WHAT THE TASK ASKS ->
Return each record unchanged and drop the images.

MATERIAL FOR THIS TASK ->
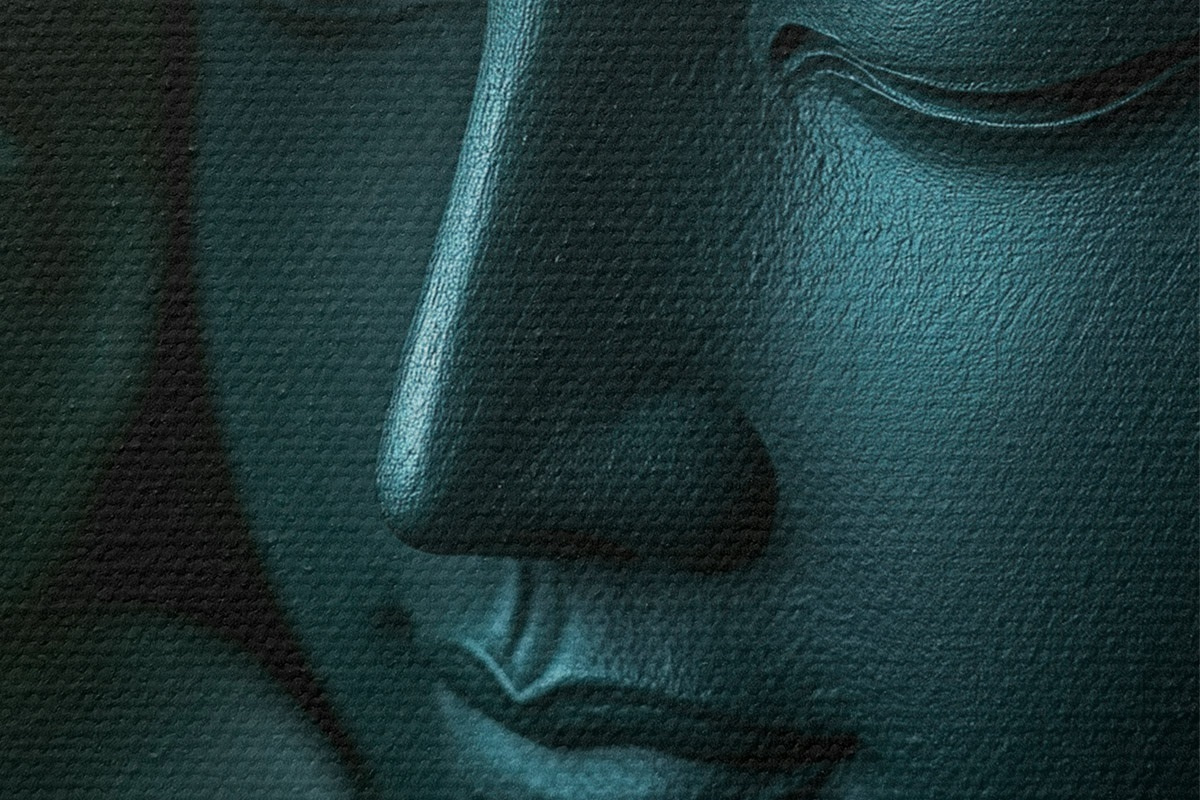 Pilt Buddha rohelistes lehtedes, budism, troopika, realism, realism Nr r44004
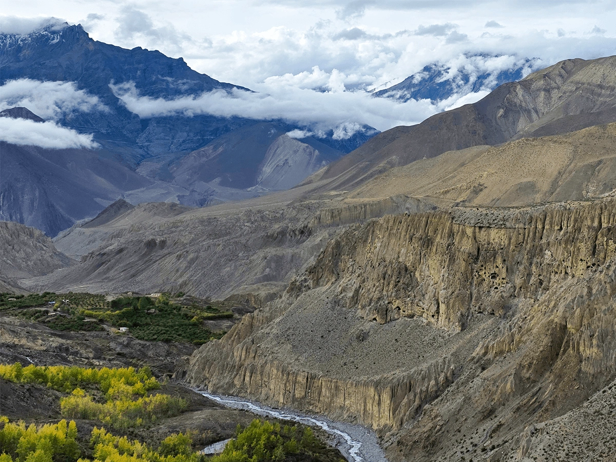 Upper Mustang lies in the trans-Himalayan zone, north of the Annapurna range and close to the Tibetan border. Because the region is sheltered from monsoon rains, its climate is dry and semi-desert in nature. The landscape is characterized by barren hills, colorful rock formations, eroded cliffs, and wide river valleys carved by the Kali Gandaki River.
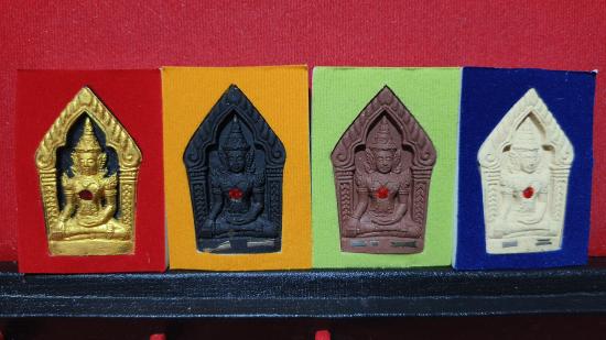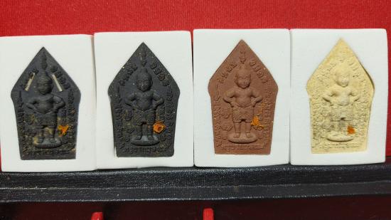 แบ่งปัน พระผงขุนแผน รุ่นเจ้าสัวเฮงเฮงรวยรวย ครูบากฤษณะ อินทฺวัณโณ ปี 2561 เนื้อผงฝังพลอยแดง ตะกรุดเงินคู่ ด้านหลังฝังจีวรผงตะไบ ชุด4เนื้อ 4 องค์ ประกันแท้
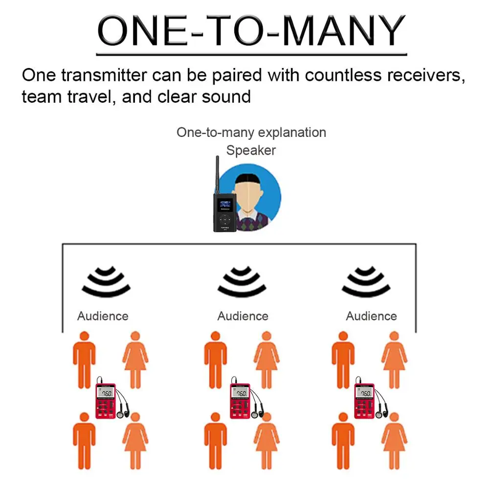 Эта беспроводная экскурсионная система включает в себя 1 передатчик и 50 приемников. Передатчик с микрофоном, используемым для динамика, приемник с наушником, используемым для слушателя. Гид разговаривает со своей группой на удобном уровне разговора речи, слушатели используют приемники и легкие наушники, чтобы слышать каждое слово ясно и легко, даже в шумной обстановке. Так что слушатели не пропускают сообщение, и презентация не мешает окружающим.
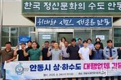 브릿지저널 정보영 기자 | 안동시는 9월 24일 맑은물사업국 2층 국장실에서 상․하수도 대행업체 10개 사 대표들과 맑은물사업국 직원 등 20여 명이 참석한 가운데, 사업 품질향상 및 상호협력 강화를 위한 ‘상․하수도대행업체 간담회’를 개최했다. 안동시는 상․하수도 대행업체를 지정해 전문 장비와 전문인력을 상시 유지하고 있으며 상․하수도관 파열, 호우 등 비상 상황 발생 시 신속한 현장 조치로 시민에게 안정적인 급수 및 배수 서비스를 제공하고 있다. 이번 간담회는 다가올 추석 연휴를 대비하여 상․하수도 대행업체의 안전하고 효율적인 대행 업무 수행을 위해 마련됐다. 공사 현장 내 작업자 안전교육 및 안전 조치사항, 급수전 폐전 및 수도계량기 교체 시 유의 사항, 배수 설비 시공기준 및 방법 등을 중점적으로 교육했다. 또한, 대행업체들이 겪고 있는 현장의 문제와 애로사항을 청취해 해소 방안을 마련하고, 상호협력 강화 방안을 모색했다. 안동시 관계자는 “최근 이상기후로 인한 집중호우, 가뭄 등이 빈번히 발생해 상․하수도 시설 관리에 대한 중요성이 대두되고 있다”며, “이번 간담회를 통해 대행업체와 업무
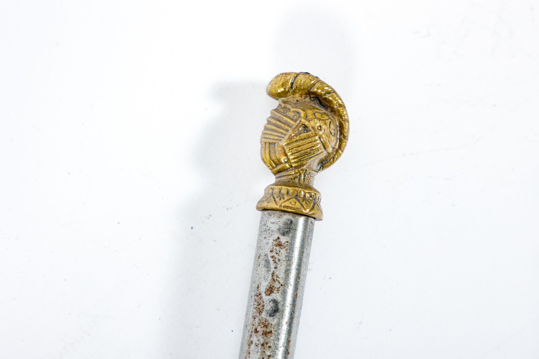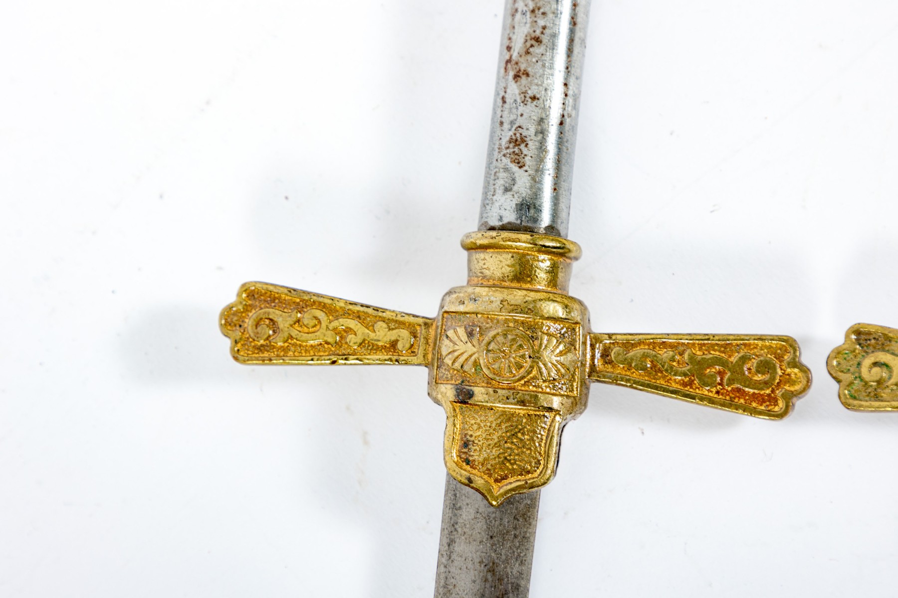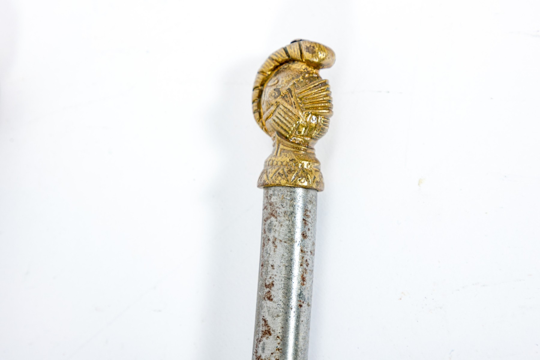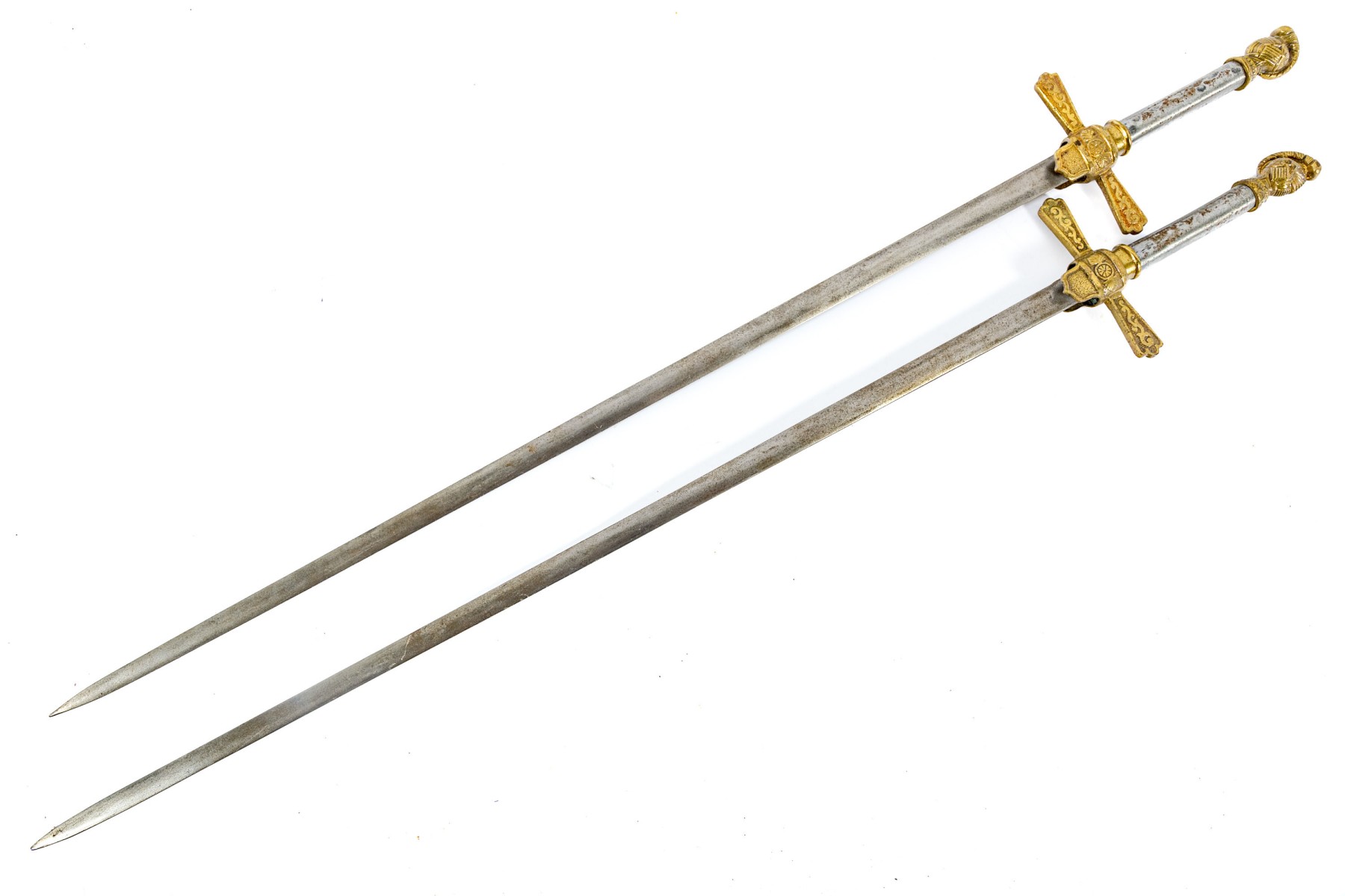 A pair of antique Civil War militia non-commissioned officer's short swords sporting a brass cross-guards, traditional “Knight’s Head” pommels and 27.5" blunt edge blades. Produced circa 1840-50.
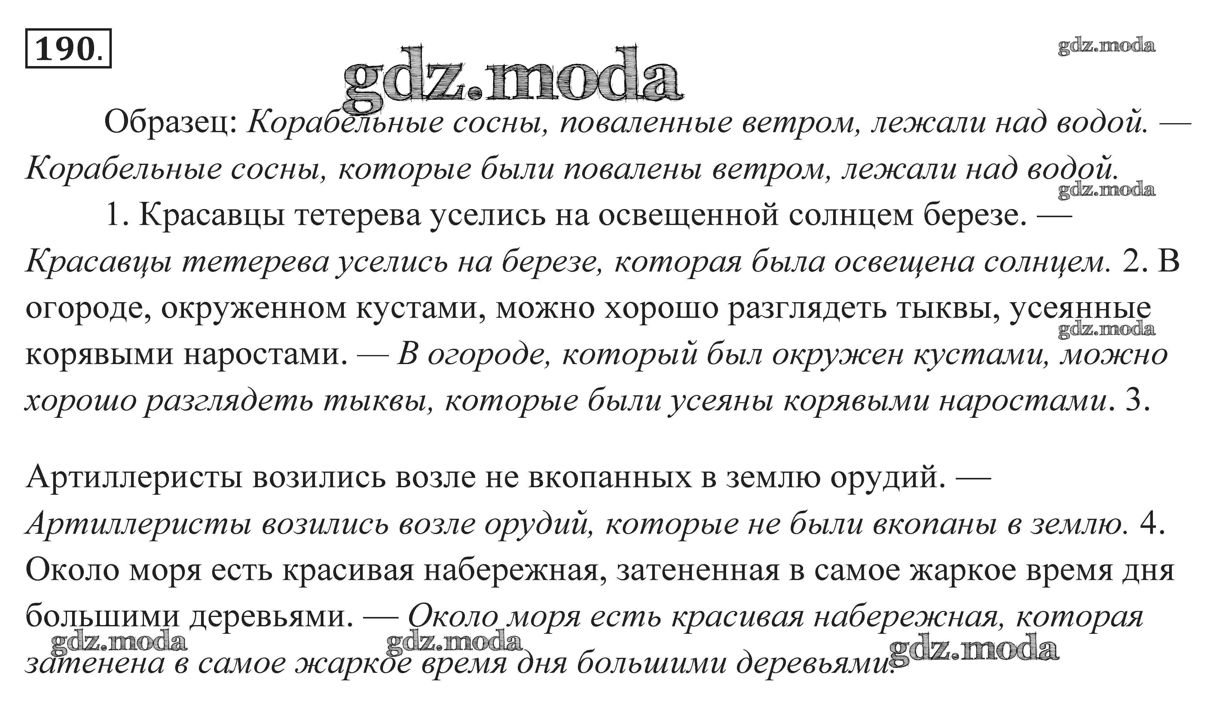 ОТВЕТ на задание № 190 Практика по Русскому языку 7 класс Пименова

PROBLEM SOLUTION ->
 Pilt Buddha rohelistes lehtedes, budism, troopika, realism, realism Nr r44004
 Upper Mustang lies in the trans-Himalayan zone, north of the Annapurna range and close to the Tibetan border. Because the region is sheltered from monsoon rains, its climate is dry and semi-desert in nature. The landscape is characterized by barren hills, colorful rock formations, eroded cliffs, and wide river valleys carved by the Kali Gandaki River.
 แบ่งปัน พระผงขุนแผน รุ่นเจ้าสัวเฮงเฮงรวยรวย ครูบากฤษณะ อินทฺวัณโณ ปี 2561 เนื้อผงฝังพลอยแดง ตะกรุดเงินคู่ ด้านหลังฝังจีวรผงตะไบ ชุด4เนื้อ 4 องค์ ประกันแท้
 Эта беспроводная экскурсионная система включает в себя 1 передатчик и 50 приемников. Передатчик с микрофоном, используемым для динамика, приемник с наушником, используемым для слушателя. Гид разговаривает со своей группой на удобном уровне разговора речи, слушатели используют приемники и легкие наушники, чтобы слышать каждое слово ясно и легко, даже в шумной обстановке. Так что слушатели не пропускают сообщение, и презентация не мешает окружающим.
 브릿지저널 정보영 기자 | 안동시는 9월 24일 맑은물사업국 2층 국장실에서 상․하수도 대행업체 10개 사 대표들과 맑은물사업국 직원 등 20여 명이 참석한 가운데, 사업 품질향상 및 상호협력 강화를 위한 ‘상․하수도대행업체 간담회’를 개최했다. 안동시는 상․하수도 대행업체를 지정해 전문 장비와 전문인력을 상시 유지하고 있으며 상․하수도관 파열, 호우 등 비상 상황 발생 시 신속한 현장 조치로 시민에게 안정적인 급수 및 배수 서비스를 제공하고 있다. 이번 간담회는 다가올 추석 연휴를 대비하여 상․하수도 대행업체의 안전하고 효율적인 대행 업무 수행을 위해 마련됐다. 공사 현장 내 작업자 안전교육 및 안전 조치사항, 급수전 폐전 및 수도계량기 교체 시 유의 사항, 배수 설비 시공기준 및 방법 등을 중점적으로 교육했다. 또한, 대행업체들이 겪고 있는 현장의 문제와 애로사항을 청취해 해소 방안을 마련하고, 상호협력 강화 방안을 모색했다. 안동시 관계자는 “최근 이상기후로 인한 집중호우, 가뭄 등이 빈번히 발생해 상․하수도 시설 관리에 대한 중요성이 대두되고 있다”며, “이번 간담회를 통해 대행업체와 업무
 A pair of antique Civil War militia non-commissioned officer's short swords sporting a brass cross-guards, traditional “Knight’s Head” pommels and 27.5" blunt edge blades. Produced circa 1840-50.
 ОТВЕТ на задание № 190 Практика по Русскому языку 7 класс Пименова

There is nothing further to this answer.